Author: Michael Fried
Publisher: Princeton University Press
Published: 2023-10-17
Total Pages: 316
ISBN-13: 069125298X
DOWNLOAD EBOOK →A major reevaluation of Caravaggio from one of today's leading art historians This is a groundbreaking examination of one of the most important artists in the Western tradition by one of the leading art historians and critics of the past half-century. In his first extended consideration of the Italian Baroque painter Michelangelo Merisi da Caravaggio (1573-1610), Michael Fried offers a transformative account of the artist's revolutionary achievement. Based on the A. W. Mellon Lectures in the Fine Arts delivered at the National Gallery of Art, The Moment of Caravaggio displays Fried's unique combination of interpretive brilliance, historical seriousness, and theoretical sophistication, providing sustained and unexpected readings of a wide range of major works, from the early Boy Bitten by a Lizard to the late Martyrdom of Saint Ursula. The result is an electrifying new perspective on a crucial episode in the history of European painting.

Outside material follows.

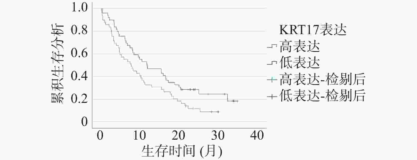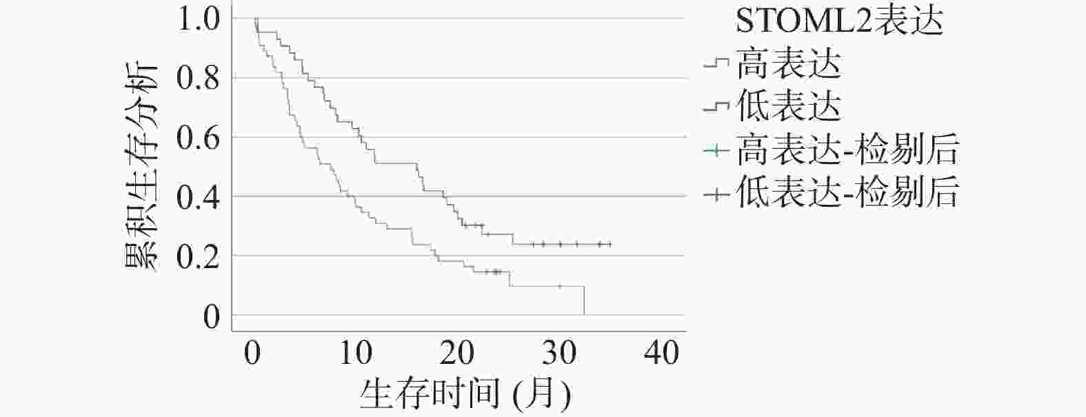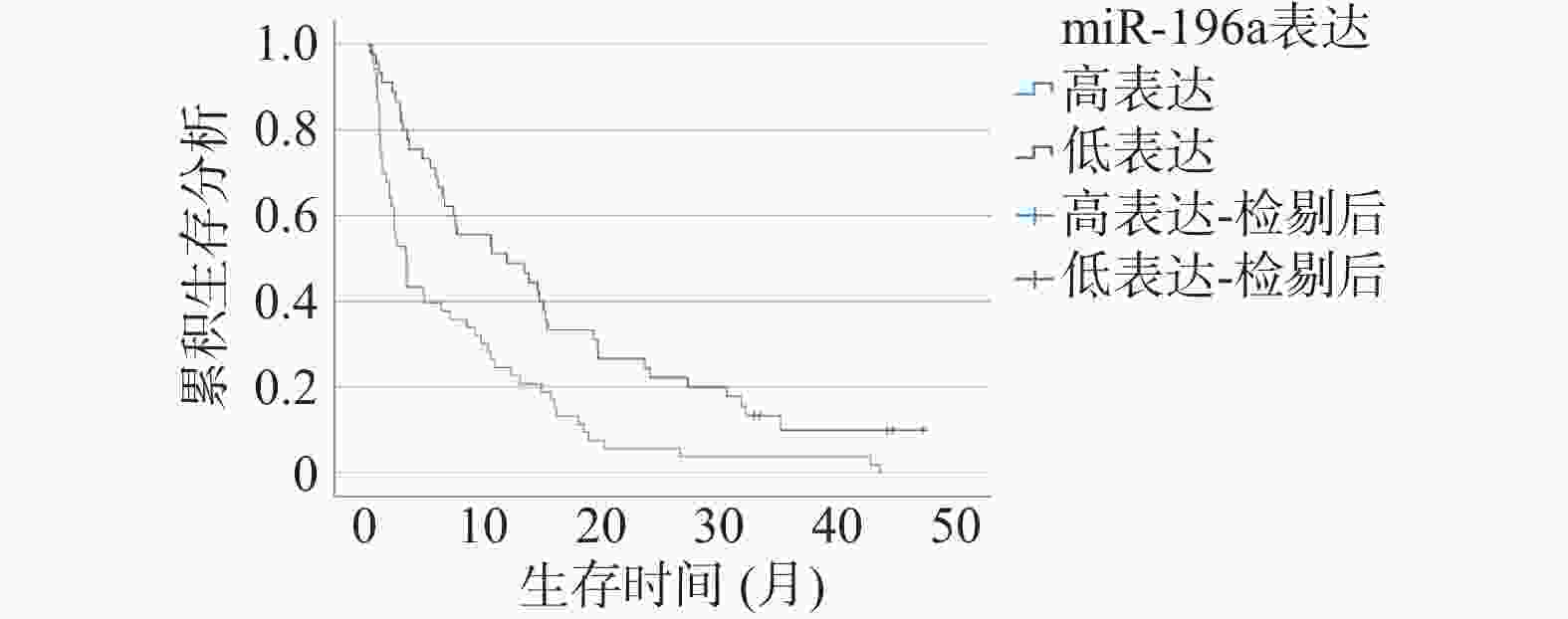 病理特征 n KRT17 mRNA t/P STOML2 mRNA t/P miR-196a t/P 年龄(岁) >45 52 1.20 ± 0.16 0.636/0.526 2.74 ± 0.54 0.263/0.575 2.66 ± 0.53 0.574/0.567 ≤45 46 1.18 ± 0.15 2.68 ± 0.51 2.60 ± 0.50 病理类型 鳞癌 72 1.18 ± 0.15 1.104/0.272 2.73 ± 0.53 0.673/0.503 2.65 ± 0.51 0.675/0.501 腺癌及其他 26 1.22 ± 0.18 2.65 ± 0.49 2.57 ± 0.54 肿瘤直径(cm) >4 59 1.21 ± 0.17 1.492/0.139 2.73 ± 0.50 0.473/0.637 2.67 ± 0.52 0.911/0.365 ≤4 39 1.16 ± 0.15 2.68 ± 0.53 2.57 ± 0.55 TNM分期 Ⅰ~Ⅱ期 68 1.14 ± 0.15 4.670/<0.001* 2.56 ± 0.54 4.163/<0.001* 2.39 ± 0.50 7.122/<0.001* Ⅲ期 30 1.30 ± 0.17 3.05 ± 0.53 3.18 ± 0.52 分化程度 中高分化 59 1.12 ± 0.16 4.897/<0.001* 2.51 ± 0.49 4.865/<0.001* 2.29 ± 0.48 8.258/<0.001* 低分化 39 1.29 ± 0.18 3.01 ± 0.51 3.15 ± 0.54 肌层浸润 有 44 1.21 ± 0.16 1.189/0.237 2.75 ± 0.52 0.649/0.518 2.68 ± 0.55 0.814/0.418 无 54 1.17 ± 0.17 2.68 ± 0.54 2.59 ± 0.54 淋巴结转移 是 28 1.31 ± 0.17 4.289/<0.001* 3.11 ± 0.56 4.650/<0.001* 3.22 ± 0.57 6.680/<0.001* 否 70 1.14 ± 0.18 2.55 ± 0.53 2.39 ± 0.55 *P < 0.05。 表 6 宫颈癌患者预后单因素分析[($ \bar x \pm s $)/n(%)]

Focusing on the emergence of the full-blown "gallery picture" in Rome during the last decade of the sixteenth century and the first decades of the seventeenth, Fried draws forth an expansive argument, one that leads to a radically revisionist account of Caravaggio's relation to the self-portrait; of the role of extreme violence in his art, as epitomized by scenes of decapitation; and of the deep structure of his epoch-defining realism. Fried also gives considerable attention to the art of Caravaggio's great rival, Annibale Carracci, as well as to the work of Caravaggio's followers, including Orazio and Artemisia Gentileschi, Bartolomeo Manfredi, and Valentin de Boulogne. Please note: All images in this ebook are presented in black and white and have been reduced in size.